USCIS is not processing new DACA applications during a battle over the program’s legality.
The Trump administration appears to be applying extra scrutiny to DACA recipients as part of efforts to deport as many immigrants as possible under its aggressive mass deportation campaign, Enciso said.
In the past, USCIS rarely required DACA recipients seeking renewal to submit new biometric information, such as photographs and fingerprints. But under tougher new screening and vetting implemented by USCIS in 2025, nearly all renewal applicants are being asked to submit updated biometrics, adding to the delays, she said.
What’s more, USCIS has stopped accepting personal checks or money orders to cover the $555 renewal fee to apply online or the $605 fee to apply by mail plus an $85 biometrics fee, Enciso said
USCIS is ‘safeguarding the American people by more thoroughly screening and vetting all aliens,’ agency spokesperson Zach Kahler said in a statement.
Work permit expiration creates ‘incredibly big challenges’ for immigrants with DACA, said Julia Gelatt, associate director of the U.S. Immigration Policy Program at the Migration Policy Institute, a nonpartisan, nonprofit research center.
Employers are increasingly jittery about keeping employees on their payroll who don’t have valid work permits amid the Trump administration’s immigration crackdown, Gelatt said.
Some DACA recipients from countries such as Venezuela cannot apply to renew their DACA authorization or work permits at all under a travel ban the Trump administration implemented in 2025 that covers 39 countries, she noted.
Under President Joe Biden, USCIS eliminated huge backlogs in processing immigration benefits by increasing efficiency, Gelatt said. The Trump administration is now creating backlogs again with the increased vetting, she said.
USCIS has always tried to balance ensuring the integrity of the immigration system with helping employers and immigrants get through it in a timely way, Gelatt said, but ‘the Trump administration has tipped the balance.’
As of September, about 506,000 immigrants were approved for DACA, according to the Migration Policy Institute. Most are in their 30s or older. They have some of the highest levels of public support of any undocumented immigrant group: Most polling shows strong majorities of Americans oppose deporting people who were brought to the United States as children.
Democrats have accused Trump of slow-walking the renewals.
The administration has been ‘hostile’ toward immigration, Rep. Greg Stanton, D-Arizona, said May 11 at a news conference. ‘The fear that that puts in them, the uncertainty for them and their families, is bad for them and it is bad in this country
At a May 12 news conference, Sen.
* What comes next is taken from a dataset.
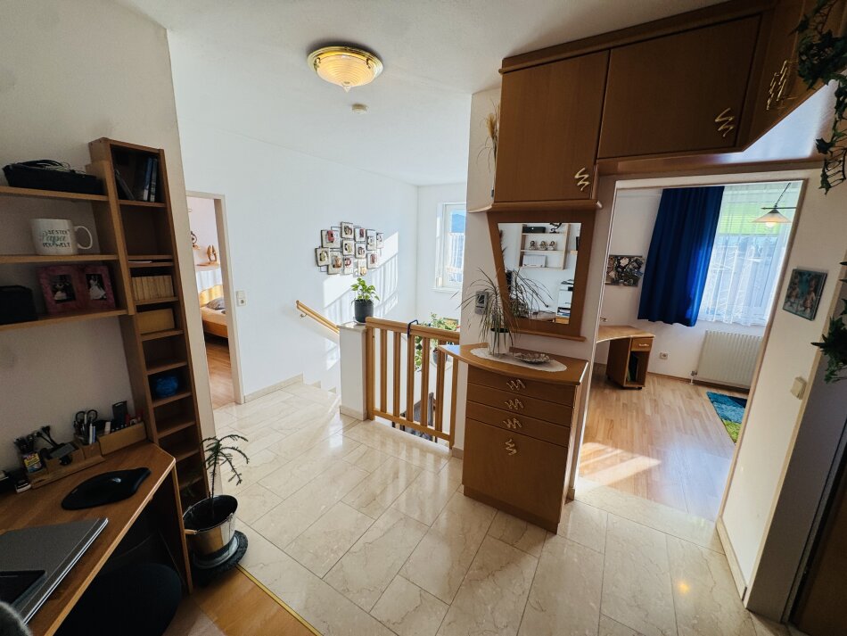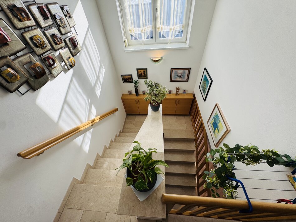 Über eine ansprechende Marmorstiege gelangt man vom Wohn- und Essbereich in das Obergeschoss.

Mark Kelly, D-Arizona, highlighted the case of Annie Ramos, a DACA recipient and college student who was detained by immigration authorities in April, days after her wedding to a U.S. soldier.
‘In what world does it make sense for us to focus our time and our effort, chasing down and holding people like Annie? We should be chasing down serious criminals,’ Kelly said.
The processing backlog ‘seems intentional,’ he continued, and ‘leaves hardworking people, who have done everything right, in limbo.’
Acevedo’s DACA status is scheduled to expire in September, two days after his 23rd birthday. He applied for renewal nine months early, bracing for disruptions by the Trump administration. So far, he has heard nothing. ‘How can I have some sort of certainty when I have no stable foundation?’ he said.